(1) Existing law establishes the Student Aid Commission as the primary state agency for the administration of state-authorized student financial aid programs available to students attending all segments of postsecondary education. Under existing law, the commission, among other things, administers the Cal Grant Program, the Student Opportunity and Access Program, the Assumption Program of Loans for Education, the Graduate Assumption Program of Loans for Education, the Public Interest Attorney Loan Repayment Program, and the California State Work-Study Program. The commission also oversees the state’s participation in the Federal Family Education Loan Program.
This bill would authorize the commission to enter into an agreement with a public agency of a state other than California, or a private entity related to an agency of
another state, to assist the other agency or entity in implementing financial aid programs, including assistance with processing grants, fellowships, and loans through the use of automated information systems.
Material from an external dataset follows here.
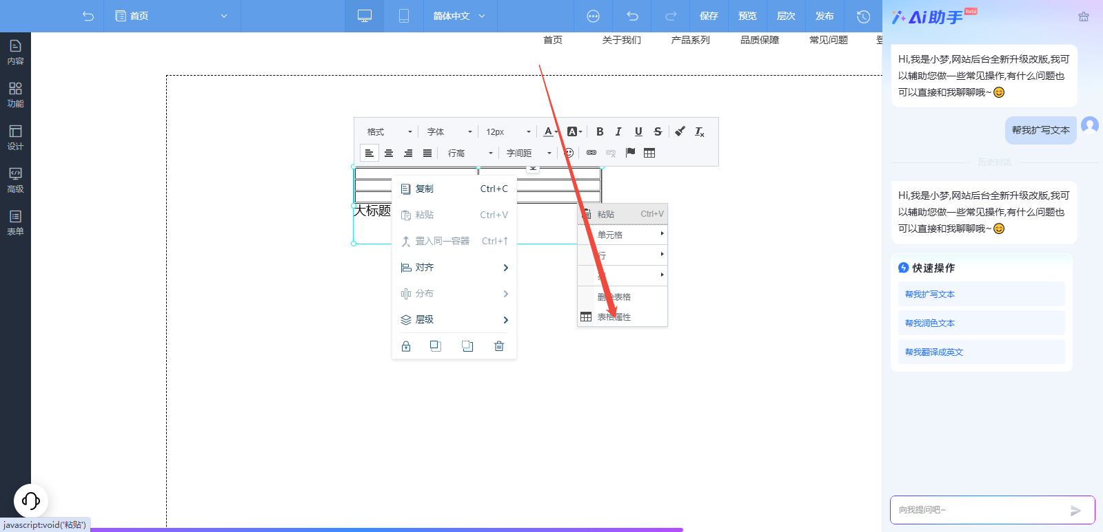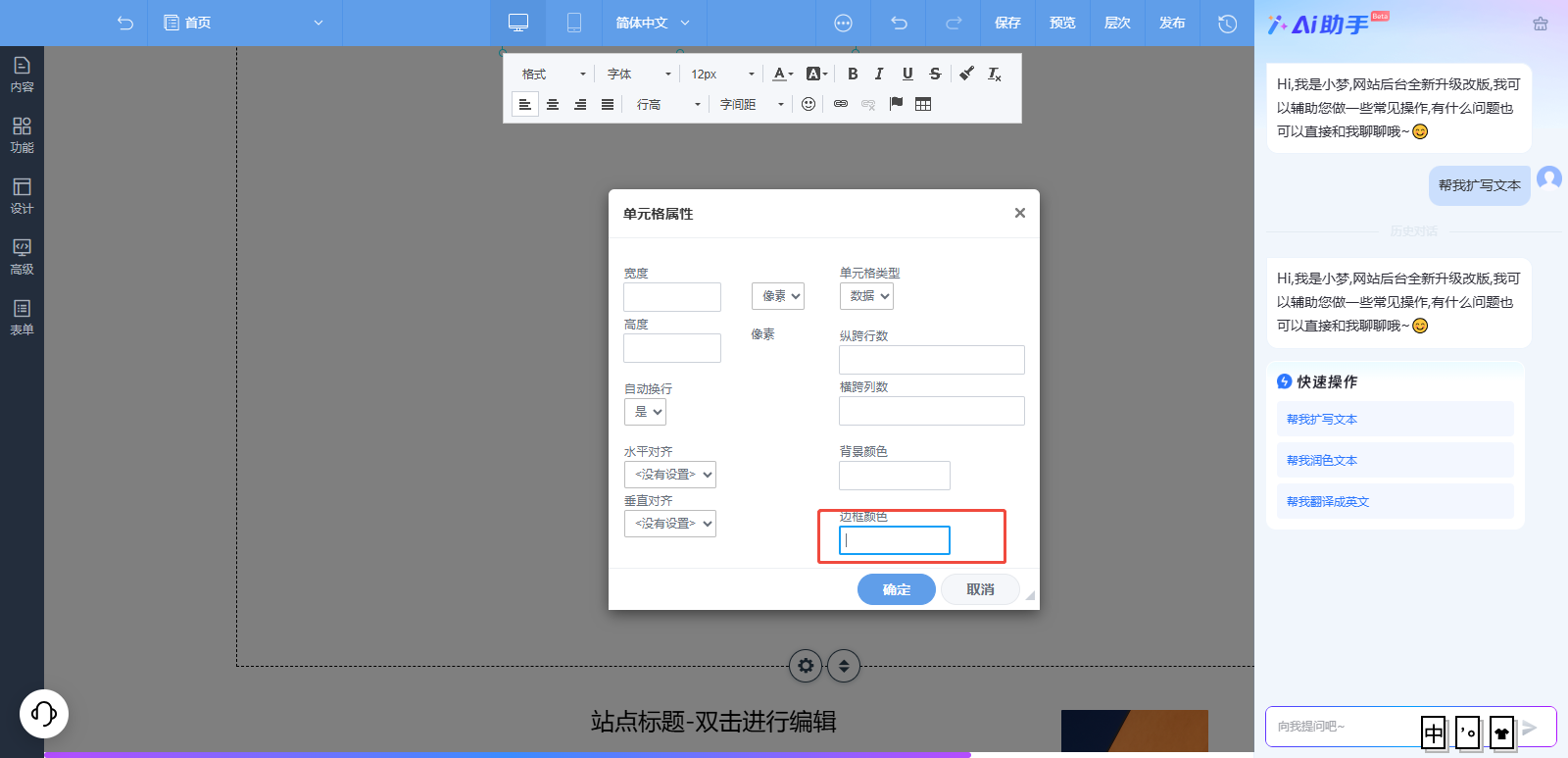 2.可以点击添加的表格在编辑栏表格上右键-单元格-单元格属性-调整边框颜色,请注意,操作默认仅能调整一个单元格颜色,如要调整多个,需要选中多个单元格再进行调整。

The bill would create a Financial Aid Technical Assistance Fund, and would make moneys in the fund available to the commission, upon appropriation by the Legislature, for purposes of the bill. The bill would require the commission to establish fees for services provided under the bill, and would require that the fees be deposited in the fund. The bill would authorize the use of residual moneys in the fund for improvement of financial aid services for California. The bill would require the commission, beginning October 1, 2014, to submit an annual report, as prescribed, to the Department of Finance and the Joint Legislative Budget Committee detailing the total revenues collected in the fund, by service provided and applicable fee collected, and the use of the moneys in the fund.
(2) Existing law provides for a public postsecondary education system in this state. This system consists of the University of California, the California State University, and the California Community Colleges. Existing law authorizes these institutions to require that mandatory systemwide fees and tuition, among other fees, be paid by students at these institutions.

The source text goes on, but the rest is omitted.